Oh, Bleak: Upstream Theater gets down with Jean Genet's The Maids


When the cat's away, the mice will play. You won't hear that idiom in Jean Genet's 1947 absurdist play The Maids, which is currently being staged by Upstream Theater. But this is pretty much the gist of Genet's one-act, three-character whirligig. The caveat here is that Genet's mice — two brazen French housemaids — are anything but playful. Having arranged for their mistress' boyfriend to be arrested on a phony charge, now they'd like to dispose of Madame (Elizabeth Ann Townsend) in a positively poisonous manner.

Or would they? A viewer is never quite sure of what to believe amid all the role-playing between Solange (Emily Baker) and Claire (Brooke Edwards). What are these two women up to? Could the cacophony of noises at the evening's outset perhaps reflect the maids' tormented and deluded minds?

If ever a play needed to be put into historical context, it's The Maids, which is a direct outgrowth of World War II. Although that war's end is now associated with roseate images of jubilant sailors kissing nurses in Times Square, an alternate view is that the war left the world depleted and distrustful. In Hollywood such dark negativism found an outlet in the film noir movement, beginning with Billy Wilder's Double Indemnity. Theater was looking for a fresh voice; at the time (not unlike today), Broadway was sustained by revivals. In 1946 New York Times theater reviewer Brooks Atkinson lamented the lack of original new plays. "Perhaps we should not be astonished," Atkinson wrote. "All during the war we knew that the end of hostilities would find the world exhausted, bitter, reactionary and without direction. Since wars leave the world drained of spirit, it would be unreal to expect the theater to be rich in a vitality that is lacking in every other human activity."

In France, that void was filled by the philosophical dramas of Jean-Paul Sartre (No Exit), Albert Camus (Caligula) and Genet. Their bleak scripts seemed to capture the pall that temporarily shrouded the world. Suffice to say, that era of postwar nihilism is now long past. Playwrights such as Edward Albee have dealt with themes of truth and illusion in much more engaging and involving ways than Genet ever did.

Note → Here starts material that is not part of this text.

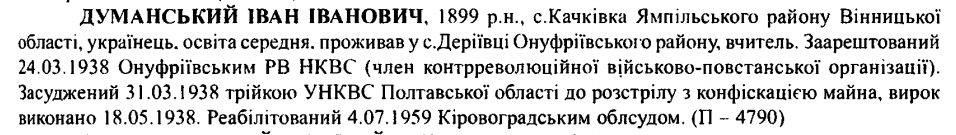 Іван Думанський розстріляний 18.05.1938 р.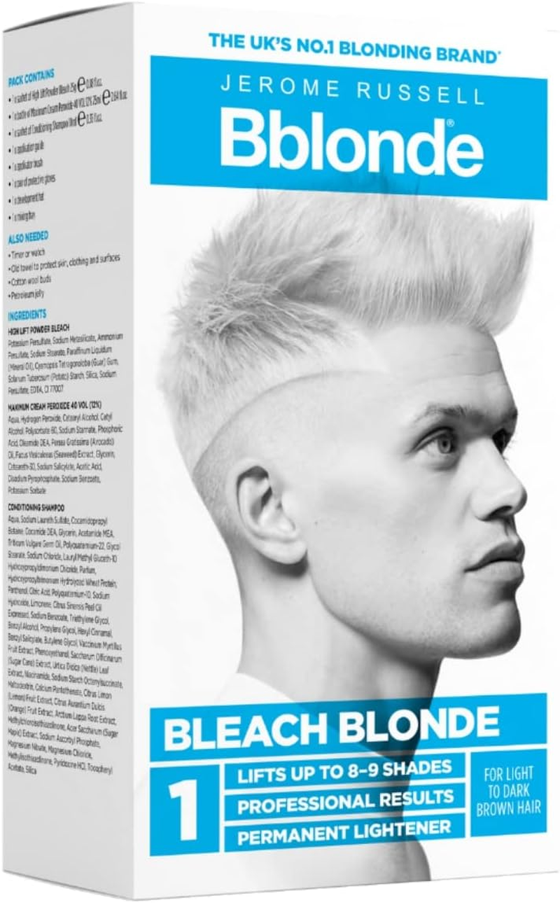 Jerome Russell Bblonde Bleach Blonde Kit No.2 - Bleach Blonde Hair Dye for Blonde to Medium Brown Hair Colour, Powder Bleach High Lift for 6-7 Shades Lighter Hair, Hair Dye Permanent for Men

To re-create the postwar European mindset that permeates The Maids, Upstream Theater wisely imported Polish director Wieslaw Gorski, who did such interesting work four years ago on Upstream's world premiere staging of The Polish Egg Man. At the time, Gorski spoke fondly of the kind of theater "that plays with the idea of theater itself. Is it funny? Is it not funny? There's no dot at the end." Here too, The Maids plays fast and loose with conventional theater. One of the evening's few true moments occurs when Solange all but pleads with her sister, "Claire, you are exhausting me." Theater without resonance can be exhausting.

It would be foolish to minimize the significance of these philosopher playwrights. But they were not alone in rising from the ashes of World War II. Photographer and designer Cecil Beaton singled out another postwar phenomenon. "Even while the pessimists were predicting that no new feminine ideal could emerge from the aftermath of war," Beaton wrote in Vogue in 1954, "an authentic existential Galatea was being forged in the person of Miss Audrey Hepburn. Nobody ever looked like her before World War II." Is it possible that Hepburn and Genet were forged from the same cauldron? Why not? So if you find that you need a chaser after the unpleasantness of The Maids, you might watch early Hepburn in Roman Holiday or Sabrina. Her very face is a testament to the premise that the world is not all despair.